- Born: Vladimir & Olga Galchenko Vova: September 15, 1987 (age 38) Olga: July 31, 1990 (age 35) Penza, USSR
- Occupations: Jugglers, software engineers
- Website: www.galchenko.com

= Vova and Olga Galchenko =

Russian juggling team

Vladimir (born September 15, 1987), known as Vova, and Olga Galchenko (born July 31, 1990) were a brother and sister juggling team originally from Russia, active from approximately 2001 to 2009. They specialized in club juggling, particularly technical solo juggling, technical club passing and numbers club passing.

==Biography==
Vladimir Vasilievich Galchenko, known as Vova, and his sister Olga Vasilievna Galchenko are originally from Penza, Russia, and both started juggling at a very young age. At age seven, Vova joined a circus school. Olga joined the circus school several years later. Vova Galchenko is one of two jugglers that have successfully executed a 7 club 7 up 360 (i.e. while juggling 7 clubs, throw them all in the air, turn around through 360 degrees, and catch them all).

With the encouragement of their parents, Vova and Olga began performing together. In 2001, their father began filming them performing tricks and posted the videos on a website. They soon began receiving invitations to perform abroad. Vova and Olga soon became widely known in the European juggling community for their high level of technical ability, both on and off stage, especially as they were both very young.
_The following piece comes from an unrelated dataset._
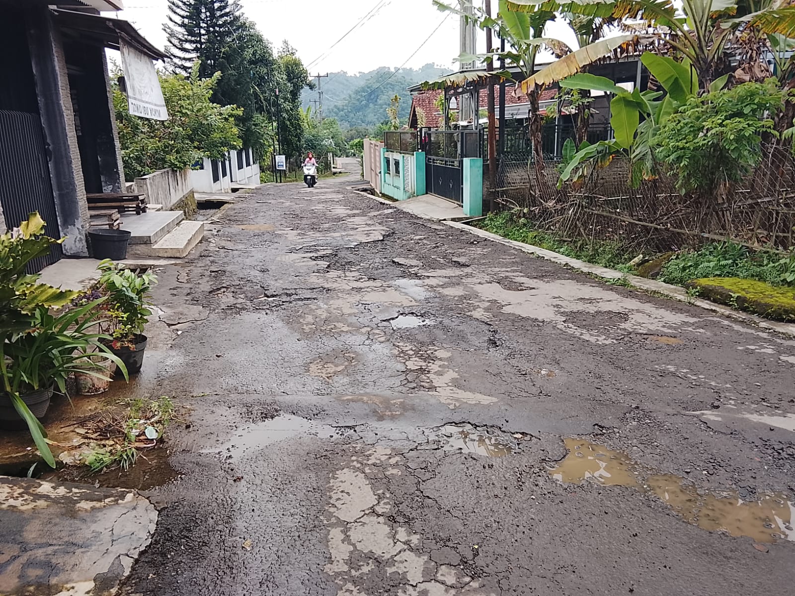 "Kondisi jalan sudah lama memprihatinkan, rusak parah dan tak tersentuh perbaikan. Apalagi kalau habis diguyur hujan, kita harus hati-hati banyak kubangan," keluh seorang warga setempat, yang tidak mau disebutkan jatidirinya.

Even at the ages of 12 and 15 they were featured performers at many large juggling conventions and festivals in Europe, including the British Juggling Convention 2002, Dresden Juggling Convention 2002 and 2003, the European Youth Circus Festival 2002 and the European Juggling Convention 2003. They also performed at the Israel and Japan juggling conventions.

In 2003 they moved from Russia to the United States, where they settled in Los Angeles and began working with Jason Garfield to improve their technical skills. Also in July 2003 they travelled to the International Jugglers' Association Summer Festival in Reno, Nevada. Many expected them to win all three stage championship categories (Individual, Junior and Team). However, due to their lack of experience on a competition stage, they failed to take gold in any category, though as a team they won a silver medal, and many awards in other events.

In December 2004 they also took part in the first World Juggling Federation competition in Las Vegas, Nevada. Vova won the Advanced Clubs, Five Club Moves, Three Club 360s and Five Club 360s competitions, and came second in the only other event he entered. Olga won the Junior Clubs and came second in the Women's Advanced Clubs. Together they won the Teams Six Club and the Teams Seven Plus.

In 2005, the siblings' partnership began to splinter, in part because Olga wanted to concentrate on school. Vova began performing on his own.

In the 2006 World Juggling Federation competition in Las Vegas, Nevada, Vova and Olga won the Team Club Passing competition. This was their first performance as a pair in competition for one and a half years. Vova also competed individually and won the Endurance - Clubs, 5 Ball 360s (together with Thomas Dietz), 3 Club 360s, 5 Club 360s, 5 Ball Freestyle, 7 Ball Freestyle, 3 Club Freestyle, 5 Club Freestyle competitions.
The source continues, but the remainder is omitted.